The most significant finding in the category breakdown is the compressed distribution. For most operators, News leads by a substantial margin. For Google-Extended, the margin between News (7) and Entertainment (6) is just 1 site. That compression reflects two forces pulling in opposite directions.

News publishers are the most sensitive to AI training across the corpus — they block all other operators at much higher rates. The fact that only 7 News sites have blocked Google-Extended suggests that the remaining News publishers have made a deliberate exception. The traffic-dependency hypothesis is the most plausible explanation: many major news outlets derive significant referral volume from Google Search and may perceive any action against a Google product as a relationship risk, even when the two agents are technically separate.

Entertainment's 6 blockers — Rolling Stone, Variety, Hollywood Reporter, Billboard, ESPN, Hulu — are properties with deep original-content archives. They have less dependency on Google Search for revenue than news outlets, and more to gain from protecting their content archives from AI training ingestion without the same traffic-risk calculus.

Finance (1 site) and the 1-site counts across Reference, Retail, Government, and Travel reflect the composition of the 107-site panel rather than a finding about those industries broadly. The Finance entry — NerdWallet — is notable because it does not appear in the Common Crawl, Anthropic, or OpenAI named-blocker lists. NerdWallet has adopted a specific posture toward Google-Extended that it does not apply to all operators.

Put This Data to Work

For an SEO director or content strategy lead at a publisher weighing AI access policy, the Google-Extended data point is particularly actionable. The 25-site block count — versus 39 for Anthropic and 40 for Common Crawl — shows that publishers are not treating all AI operators equally. Many are drawing distinctions based on commercial relationships, traffic dependency, or the perceived use of their content.

US Tech Automations can help you build a competitive intelligence workflow around this signal. If you are tracking how competitor publishers are adjusting their AI access policies, a scheduled robots.txt monitoring system can surface the moment a peer outlet adds or removes a Google-Extended block. That intelligence has direct implications for content strategy and licensing decisions.

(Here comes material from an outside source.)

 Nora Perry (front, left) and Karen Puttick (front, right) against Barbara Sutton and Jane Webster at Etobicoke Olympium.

The 25 Google-Extended blockers as of June 13, 2026 will drift over time. Google licensing activity with publishers is ongoing, and both additions and removals are plausible. Automated tracking is the only reliable way to know when the policy landscape shifts.

Frequently Asked Questions

Q: Does blocking Google-Extended affect my Google Search ranking?

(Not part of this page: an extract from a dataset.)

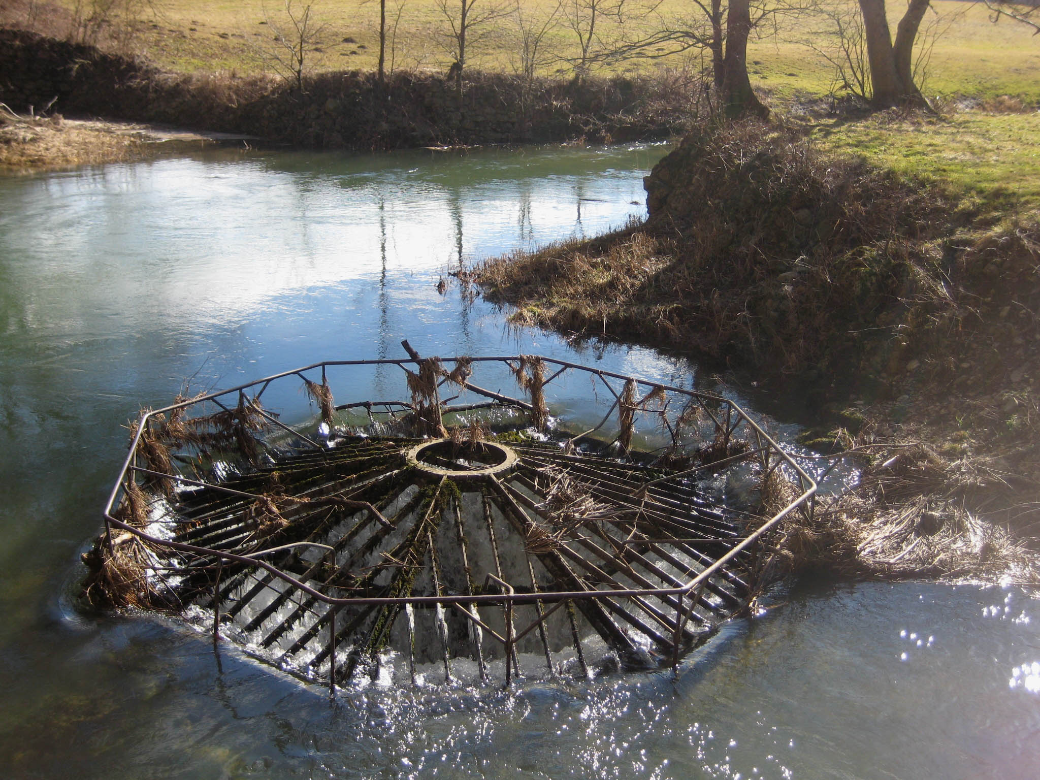 River Unica at Planinsko polje, Slovenia

A: No. Google-Extended is explicitly separate from Googlebot, which powers Search indexing. Google designed it this way so publishers could opt out of AI training without any search ranking consequence. Blocking Google-Extended will not remove your pages from Google Search.

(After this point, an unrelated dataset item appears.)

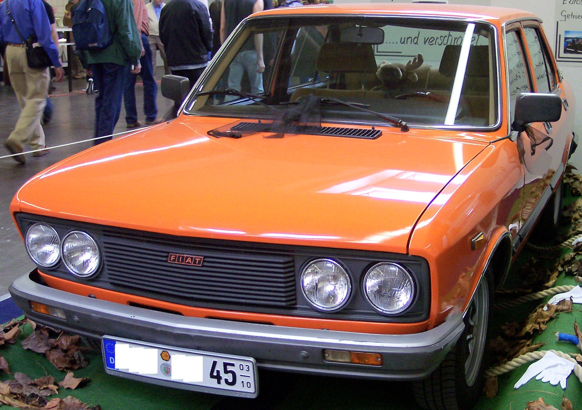 Fiat 132

Q: If I block Google-Extended, does that block Gemini from using my content?

A: Blocking Google-Extended affects data ingestion for Google AI training and product improvement. It does not prevent users from asking Gemini to summarize a URL they manually provide, and it does not retroactively remove content from existing datasets. It affects future crawls from the blocked date forward.

Q: Why does Google-Extended have a lower block rate than Anthropic or Common Crawl?

A: Several likely factors: Google Search dependency creates a perceived relationship risk even though the two agents are decoupled; Google-Extended was introduced to give publishers a clean opt-out mechanism, reducing the urgency of blocking it via broad wildcard rules; and some publishers may be in active licensing discussions. The sealed count is 25 of 107 vs. 39 for Anthropic and 40 for Common Crawl.

Q: Is Finance a new blocking category in this dataset?

A: In this corpus, Finance appears as a blocking category only for Google-Extended (1 site: NerdWallet). It is absent from the OpenAI, Anthropic, and Common Crawl category breakdowns for this dataset. See who blocks Anthropic ClaudeBot for the Anthropic category breakdown to confirm Finance does not appear there.

Q: How does Google-Extended compare to the other 3 large AI operators on block count?

A: Common Crawl leads at 40 sites blocked, followed by Anthropic at 39, OpenAI at 35, and Google-Extended at 25 — the lowest of the four. Among the 48 sites that block any AI crawler, only 25 have reached Google-Extended.

Key Takeaways

25 of 107 top sites block Google-Extended — the lowest operator-level block rate among the 4 largest AI operators in this corpus.
Google-Extended runs as a single user-agent with no sub-agent split; every block is an unambiguous opt-out from Google AI training.
Entertainment (6 sites) nearly matches News (7 sites) in blocking volume — an unusual pattern that does not appear for other operators in this corpus.
Finance appears as a blocking category uniquely for Google-Extended (NerdWallet, 1 headline bot), absent from the OpenAI, Anthropic, and Common Crawl breakdowns.
48 of 107 sites (44.9%) block some AI crawler; 25 of those 48 have extended the restriction to Google-Extended while 23 have not.
The sealed snapshot sha 741353c4304216ee pins the exact dataset; nothing is derived or estimated from secondary sources.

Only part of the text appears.